On June 10, 2015, Defendants removed this action to federal court. See Notice of Removal (Doc. No. 1). Defendants removed this case on grounds of federal question jurisdiction. Although Plaintiff's state court petition does not assert any claims arising under federal law, Defendants contend that removal is proper because Plaintiff filed discovery responses that allegedly invoke a federal cause of action. Specifically, Plaintiff made reference to Title VII in four responses to motions for protective orders and in one response to a plea to the jurisdiction. Id. at 2.
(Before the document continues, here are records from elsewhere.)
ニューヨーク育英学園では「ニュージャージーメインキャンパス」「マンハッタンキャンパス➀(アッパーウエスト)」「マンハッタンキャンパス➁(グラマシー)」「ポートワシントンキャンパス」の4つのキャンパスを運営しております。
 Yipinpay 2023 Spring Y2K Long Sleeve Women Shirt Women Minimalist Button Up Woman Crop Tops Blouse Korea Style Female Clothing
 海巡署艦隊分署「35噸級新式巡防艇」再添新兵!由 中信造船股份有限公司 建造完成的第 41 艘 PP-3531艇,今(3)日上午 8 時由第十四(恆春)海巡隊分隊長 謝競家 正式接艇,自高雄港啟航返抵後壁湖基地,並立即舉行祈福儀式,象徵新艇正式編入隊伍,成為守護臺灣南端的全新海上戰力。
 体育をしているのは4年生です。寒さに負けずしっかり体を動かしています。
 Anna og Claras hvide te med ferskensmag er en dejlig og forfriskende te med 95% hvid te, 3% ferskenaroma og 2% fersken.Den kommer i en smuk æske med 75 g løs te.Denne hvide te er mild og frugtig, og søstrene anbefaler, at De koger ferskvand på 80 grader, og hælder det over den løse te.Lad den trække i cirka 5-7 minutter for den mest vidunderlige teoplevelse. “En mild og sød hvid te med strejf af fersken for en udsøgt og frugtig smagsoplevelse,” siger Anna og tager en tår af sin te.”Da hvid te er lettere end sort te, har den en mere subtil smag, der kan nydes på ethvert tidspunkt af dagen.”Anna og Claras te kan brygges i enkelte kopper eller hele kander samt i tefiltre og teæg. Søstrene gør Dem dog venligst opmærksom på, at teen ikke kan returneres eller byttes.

Plaintiff believes that this case is not removable and filed this Motion to Remand (Doc. No. 16) on July 10, 2009. Mr. Ngo states that he has no intention of bringing any federal claims and contends that the references to Title VII in his state-court filings are insufficient to confer subject matter jurisdiction on this court. Mot. Remand 8-10 (Doc. No. 16).
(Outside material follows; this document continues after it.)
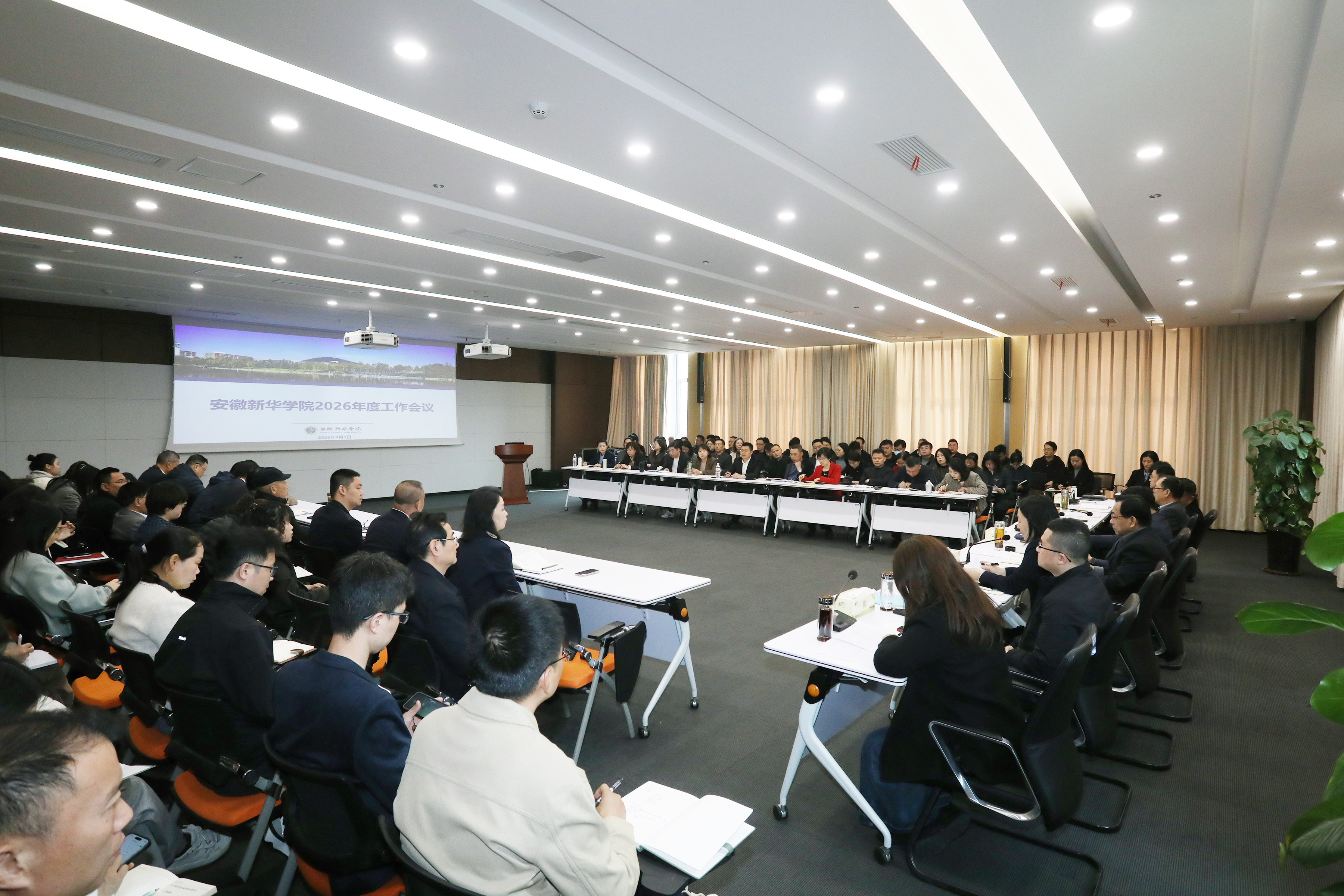 (通讯员:颜芬芬)4月1日,学校2026年度工作会议在科研办公楼一楼多媒体室召开。集团副总裁、校董事长王孝武,校党委书记、督导专员邸建伟,校长赵良庆,常务副校长王丽,副校长陈义盛、贺行佳、王琦进、盛晓青,校长助理吴山出席会议,学校助理及以上管理人员参加了会议,会议由常务副校长王丽主持。

II. JURISDICTIONAL STANDARD
It is axiomatic that federal courts are courts of limited jurisdiction. Howery v. Allstate Ins. Co., 243 F.3d 912, 916 (5th Cir. 2001). A federal court has subject matter jurisdiction over cases "arising under" the Constitution, laws, or treaties of the United States, and over cases where diversity of citizenship exists between the parties and the amount in controversy exceeds $75,000, exclusive of interest and costs. 28 U.S.C. §§ 1331, 1332. Absent jurisdiction conferred by statute or the Constitution, federal courts lack the power to adjudicate claims and must dismiss an action if subject matter jurisdiction is lacking. Home Builders Ass'n, Inc. v. City of Madison, 143 F.3d 1006, 1010 (5th Cir. 1998); Stockman v. Federal Election Comm'n, 138 F.3d 144, 151 (5th Cir. 1998) (citing Veldhoen v. United States Coast Guard, 35 F.3d 222, 225 (5th Cir. 1994)).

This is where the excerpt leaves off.